Pesquisa do IBGE divulgada no ano passado mostra que o bullying é um problema grave entre os jovens. Um total de 40% dos estudantes brasileiros admitiram no levantamento já terem sofrido com as suas consequências no ambiente escolar, em episódios de provocação ou de intimidação. Além disso, 24,1% deles declararam sentirem que “a vida não vale a pena”, após terem sido vítimas.

Decisão individual

Para o governo do Mato Grosso do Sul, a iniciativa anunciada na segunda pode ajudar a conter a evasão escolar. O estado, no entanto, ainda não sabe como vai funcionar na prática o plano.

— Não podemos negar que esse problema existe. Mas, quando a gente dá acesso a cirurgias reparadoras, a decisão é individual. 

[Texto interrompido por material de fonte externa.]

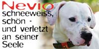Nevio, ein wunderschöner Dogo Argentino Rüde (geb. 17.10.2009), wurde aus schlechter Haltung und vor allem auch vor seinem Tod gerettet. Sein Besitzer hatte keine Zeit mehr für ihn und wollte ihn einschläfern lassen. Nevio musste seit Monaten auf dem Balkon eines Mehrfamilienhauses leben und durfte nie nach draußen.

Não significa que as pessoas têm que fazer. É nossa função na saúde: dar oportunidade de acesso — diz Christine Maymone, secretária-adjunta de Saúde do Mato Grosso do Sul, acrescentando que forças de segurança do estado detectaram um aumento dos casos de bullying: foram 142 em 2022.

De acordo com Christine, os municípios têm até o fim desta semana para aderir ao projeto. São eles que vão elaborar a lista de pacientes que será enviada ao SUS. O governo depende também da definição sobre quais estabelecimentos de saúde farão parte do programa para fazer, então, o encaminhamento dos estudantes aptos.

— O estado está motivado em promover a inclusão — ressalta Christine.